The report, Getting It to Click: Connecting Teens and Seat Belts , examines the elements of effective teen seat belt programs, showcases promising programs currently implemented in 12 states, and recommendations to accelerate the success of programs motivating teens to buckle up.
"Crashes are already the leading cause of death for teens, and it is particularly disturbing to see the percentage of unbelted teen drivers and passengers in fatalities continue to rise," said GHSA Executive Director Jonathan Adkins, who oversaw the development of this latest report. "It is imperative that we find out what works to make teens understand that using a seat belt may save their life and find ways to convince them to buckle up every time they get in the car."

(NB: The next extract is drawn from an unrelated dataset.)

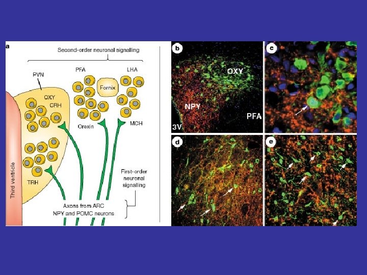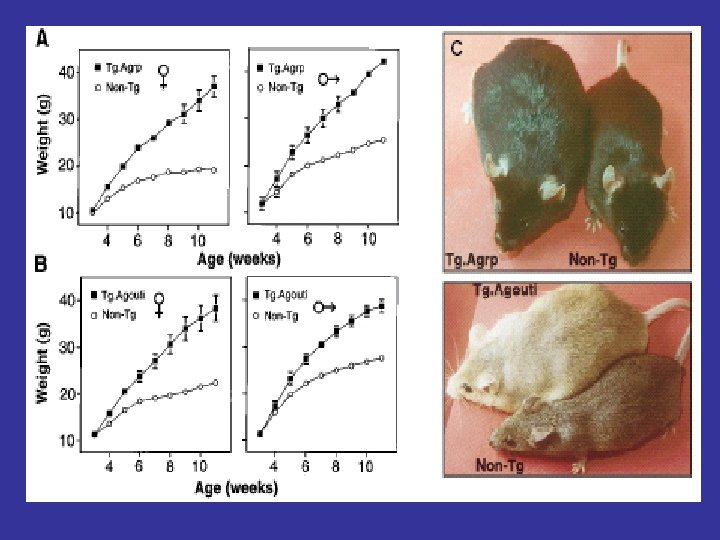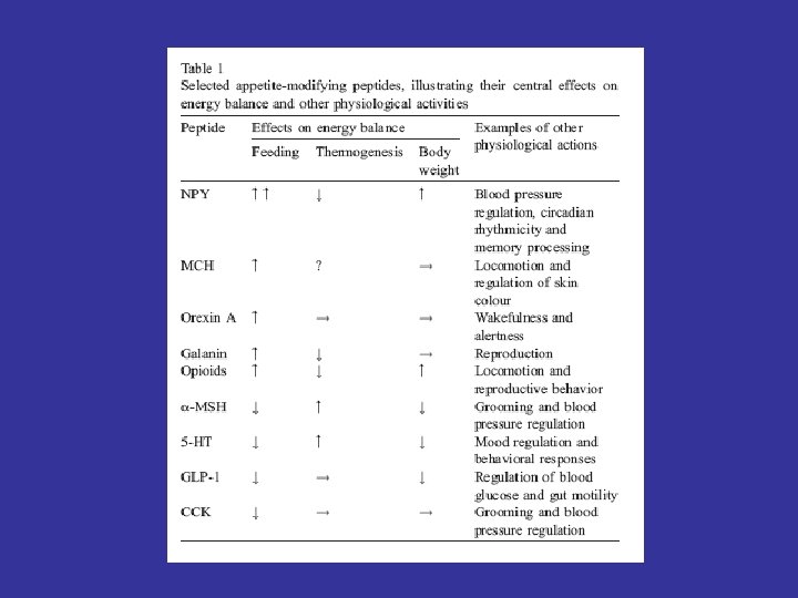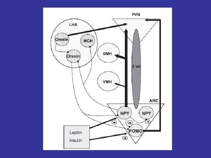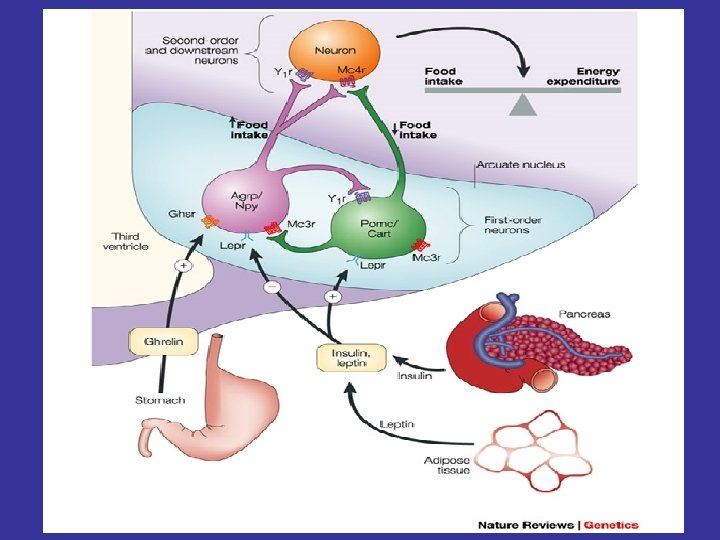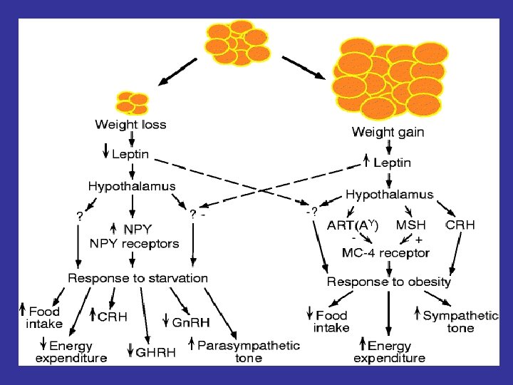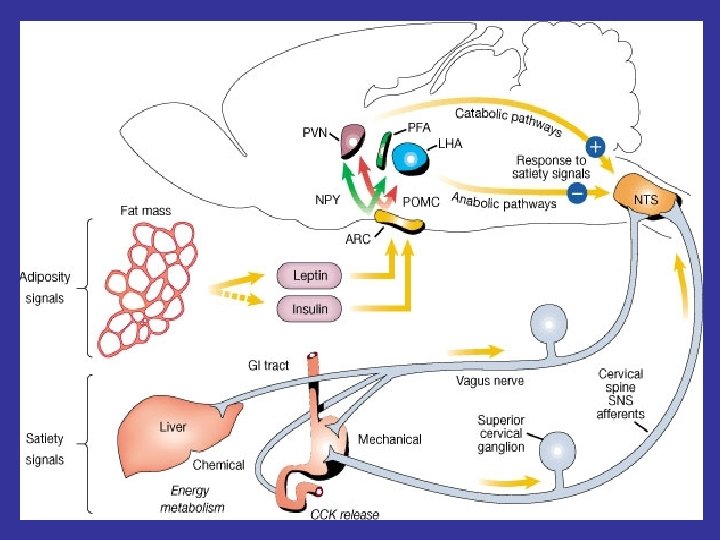 MOLECULAR MEDIATORS OF ENERGY HOMEOSTASIS Neuropeptides * Agouti protein * a-MSH (a-Melanocyte stimulating hormone) * Cocaine- and amphetamine –regulated transcript (Cart) * Hypocretin (or Orexin) 1 and 2 * MCH (melanin-concentrating hormone) * NPY (neuropeptide Y) * TRH (thyrotropin-releasing hormone) Peripheral molecules * Leptin * CCK (cholecystokinin) * Ghrelin * Insulin

"Developing innovative, engaging approaches to teen safe driving reduces injuries and ultimately helps save lives," said Steve Sorenson, executive vice president at Allstate. "We hope that highlighting effective programs already underway in states and cities across the country will help expand their reach and encourage everyone in the car to buckle up on every trip."Programs and initiatives covered in the report were identified through a survey of State Highway Safety Offices (SHSOs) conducted by GHSA in January 2014. After reviewing survey responses, an expert panel identified a number of states with strong teen seat belt-related programs that had the potential for replication by other states. These states are: Delaware, Florida, Iowa, Kansas, Massachusetts, Missouri, Montana, New York, North Dakota, Pennsylvania, Texas and Wisconsin. Expert panel members identified seven elements that effective teen seat belt programs had in common. These include:
- Laws and their enforcement;
- Peer-to-peer efforts;
- Parental participation;
- Community involvement;
- Incorporation of social media;
- Provision of incentives; and
- Resources that would be useful to diverse audiences.